Дома я застал только Леночку. Она побежала за матерью на завод, а я пока огляделся. Шесть метров. Комнатка проходная, чувствуется, что сырая. Из дверей дует. Представляю себе, как здесь зимой. Наверное, промерзают стены, и каждый раз, когда открывается дверь из сеней, мороз врывается в комнату. Мебели почти нет, но в комнате тесно. Топчан, на котором, видимо, спят вдвоем Роза и Лена, маленький столик, две табуретки и тумбочка.

Пришла Роза. На улице я бы ее, наверное, не узнал: так она похудела и побледнела. Обе были худенькие и легкие, как перышко.
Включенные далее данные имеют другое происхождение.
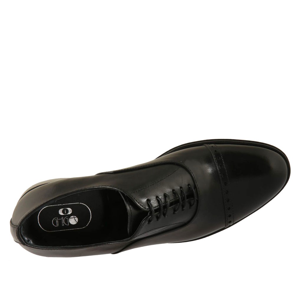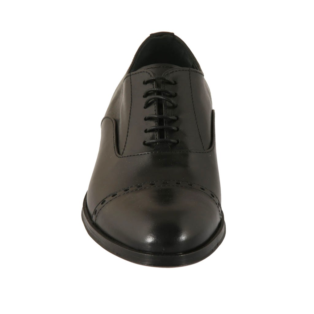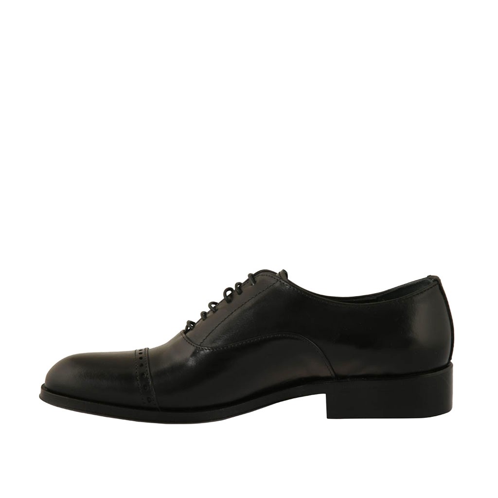 Herrenoxfordschuh mit Schnürsenkeln und Kappe aus schwarzem Leder

Я вытащил из вещевого мешка тушенку, хлеб, сахар, рис и чай. Наибольшее впечатление на Розу произвел чай, который, по ее словам, ценился в Оренбурге еще выше, чем в Туркмении. Она тут же пересчитала и спрятала пачки и сказала, что это будет фонд для подкармливания Леночки (у девочки был туберкулез желез). Банку тушенки мы тут же открыли, и из нее и привезенного мной риса Роза сварила суп. Пир по поводу моего приезда был знатный: давно им не приходилось так сытно есть.
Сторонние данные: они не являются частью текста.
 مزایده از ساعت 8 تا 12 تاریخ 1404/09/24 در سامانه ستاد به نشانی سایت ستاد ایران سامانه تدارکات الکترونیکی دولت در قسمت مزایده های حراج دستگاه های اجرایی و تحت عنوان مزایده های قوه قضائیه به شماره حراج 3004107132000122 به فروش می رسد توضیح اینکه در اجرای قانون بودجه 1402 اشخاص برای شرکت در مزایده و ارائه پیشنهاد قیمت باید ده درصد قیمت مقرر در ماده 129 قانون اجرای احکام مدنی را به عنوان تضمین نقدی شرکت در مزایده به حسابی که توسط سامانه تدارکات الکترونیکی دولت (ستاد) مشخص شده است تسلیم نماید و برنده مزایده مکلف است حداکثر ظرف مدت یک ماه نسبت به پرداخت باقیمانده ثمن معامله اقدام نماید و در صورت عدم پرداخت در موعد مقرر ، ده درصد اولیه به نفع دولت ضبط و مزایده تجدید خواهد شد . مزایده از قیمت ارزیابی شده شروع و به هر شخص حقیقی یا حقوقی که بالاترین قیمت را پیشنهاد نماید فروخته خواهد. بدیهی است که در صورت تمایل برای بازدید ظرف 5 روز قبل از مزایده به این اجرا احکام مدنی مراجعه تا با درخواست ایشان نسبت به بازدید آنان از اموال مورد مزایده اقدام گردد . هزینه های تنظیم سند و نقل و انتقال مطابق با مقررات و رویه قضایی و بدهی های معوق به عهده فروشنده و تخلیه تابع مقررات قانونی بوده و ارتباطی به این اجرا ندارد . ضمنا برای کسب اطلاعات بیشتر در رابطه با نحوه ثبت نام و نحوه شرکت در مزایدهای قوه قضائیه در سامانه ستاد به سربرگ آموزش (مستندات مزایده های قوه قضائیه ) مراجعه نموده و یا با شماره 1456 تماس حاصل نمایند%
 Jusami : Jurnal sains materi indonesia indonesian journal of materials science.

Пока варился суп и накрывался стол, пока мы ели, жена и дочь рассказали мне о своей жизни.

Роза работала на эвакуированном из Москвы заводе сверл цеховым экономистом. Работа, как и все на заводе, по 12, а случалось и по 18 часов, не выходя из цеха. Цех не отапливался, а оренбургские морозы известны. Питалась в заводской столовой, которая обкрадывала рабочих, так как, хотя на довольствие каждого выдавалось по 2,6 килограмма мяса, - никто этого мяса не видел и не ощущал. Вместо супа они получали, в сущности, горячую воду, в которой плавало несколько крупинок.

Единственным надежным продуктом питания был хлеб — смесь ржи, овса и гороха. От пайки в 600 граммов Роза сразу отрезала граммов двести для обмена на необходимое Лене молоко.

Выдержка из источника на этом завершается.